Забывал он переживать, только погружаясь в дела, поэтому трудился без устали. Преодолевая внутреннее сопротивление, шёл домой ночевать, утром спешил со всех ног, обмирая при абсурдных и фантастических мыслях, предчувствиях разразившейся катастрофы, и переводил дух, оказавшись в кресле за рабочим столом, снаружи такой же чистый и свежий, как его полированная поверхность, внутри – в рубцах и отвратительных шрамах, оставленных ожогами ясновидения.
– Сколько стоит мой покой? – спросил он наконец.
– У тебя нет таких денег.
Когда я шёл домой обедать, мне повстречался Муха, который топотал меж сугробов с плотно набитым аптечным (черно обвитая змеёй чаша на белом фоне, трейд-марка всех аптек мира) пакетом и выглядел так, словно хотел проскользнуть незамеченным. Я заступил ему дорогу.
– Приветик, – сказал Муха, косясь в сторону. – Ты со мной?
– Куда?
Муха недовольно вздел пакет и покачал им перед моим носом.
– Непонятно, куда? Что ж ты натворил, Разноглазый?
– Это был не я.
– Но ты не заступился!
– А он теперь, бедный, лежит и всем желающим рассказывает, что за него должны были заступаться?
– Хм, – сказал Муха, – Фигушка и не отрицает, что себя вёл… Ладно. Я сегодня помедитирую, а завтра скажу тебе, что думаю. Так ты идёшь?
– Я тебя провожу.
Мы с боем двинулись через снега переулка. Не став мудрить, я брякнул:
– Жёвку убили.
– Кого?
– Да Жёвку, Жёвку нашего.
Достойно примечания, что, оказавшись в Автово в составе оккупационного корпуса, ни Муха, ни я не сделали попытки увидеть предателя. Я обратился напрямую к Добыче Петровичу, а Муха – всегда такой открытый и общительный – затаился и не задал ни одного вопроса, не сказал ни слова.

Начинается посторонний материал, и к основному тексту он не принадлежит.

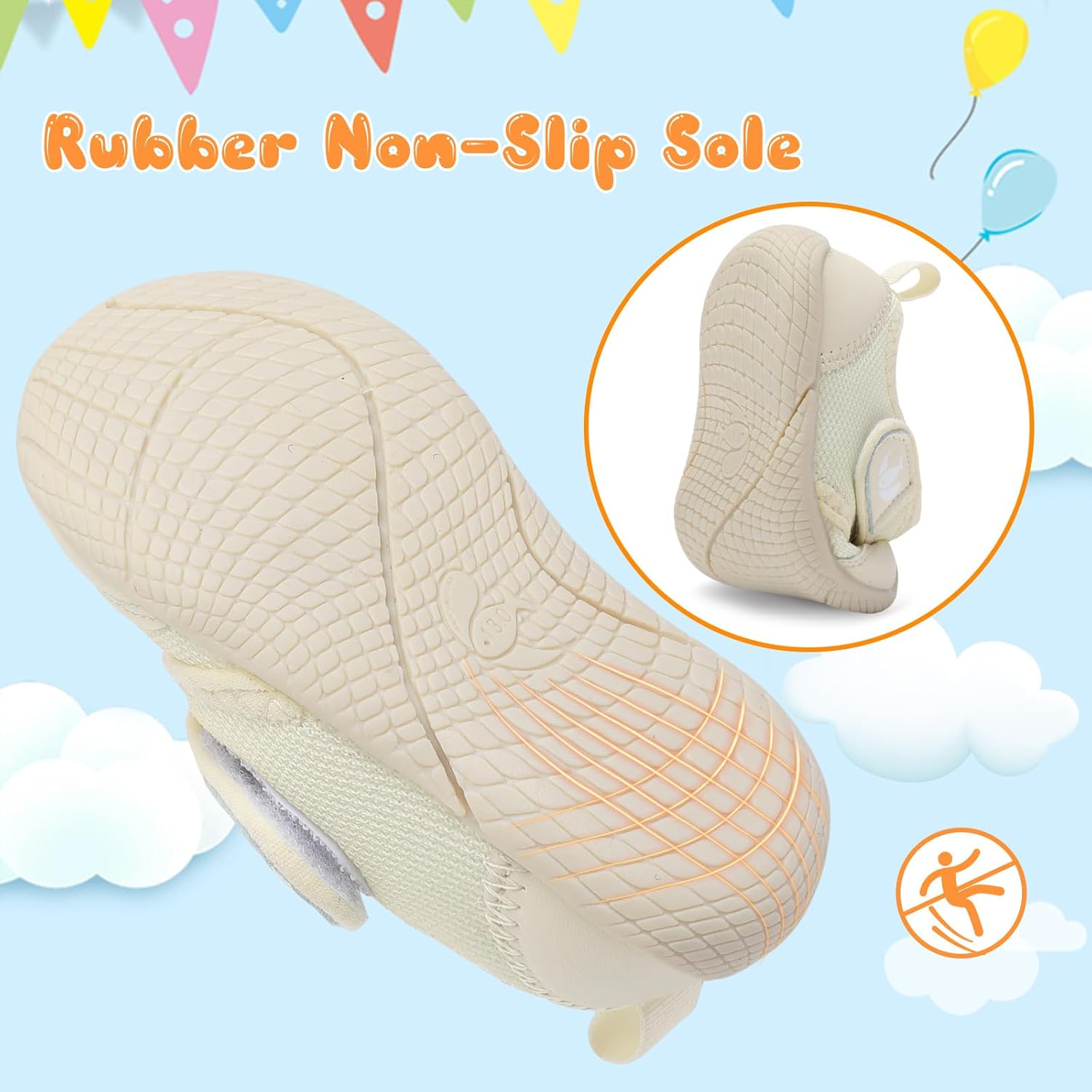 • Sole: The rubber sole has more elastic and excellent anti-collision performance. Safe baby sports shoes, with soft rubber soles with anti slip points, can make your baby not slip easily when crawling or walking.

– Так вот о ком по всем аптекам шуршат! Слушай, – Муха замялся, – он правда того… без штанов был?
– Да в штанах, в штанах.
– Кто ж его?
– Молодой считает, что Сахарок.
– Конечно, Сахарок, – серьёзно согласился Муха. – А кому ещё? Он, он, аспид попущенный.
– Я потребовал у Добычи наши деньги.
– Какие деньги?
– Долю в наследстве, как это «какие»?
Муха даже остановился и посмотрел с удивлением.
– Ты до сих пор помнишь?
– А почему ты забыл?
Мы разговаривали на ходу, борясь с ветром и снегом, предусмотрительно не глядя друг на друга. Но тут он всё же ко мне повернулся. «Потому что всегда и все забывают, – читалось на его лице. – Как иначе?»
– Не стал бы солидный человек аттракционы здесь устраивать, – сказал он, подумав. – Сам посчитай. Жалуется он, например, косарям, косари шлют бойцов или дружинников, а потом ты получаешь вызов и всё всплывает. Не знаю, как это по науке, а у нас такие вещи называют проблемой.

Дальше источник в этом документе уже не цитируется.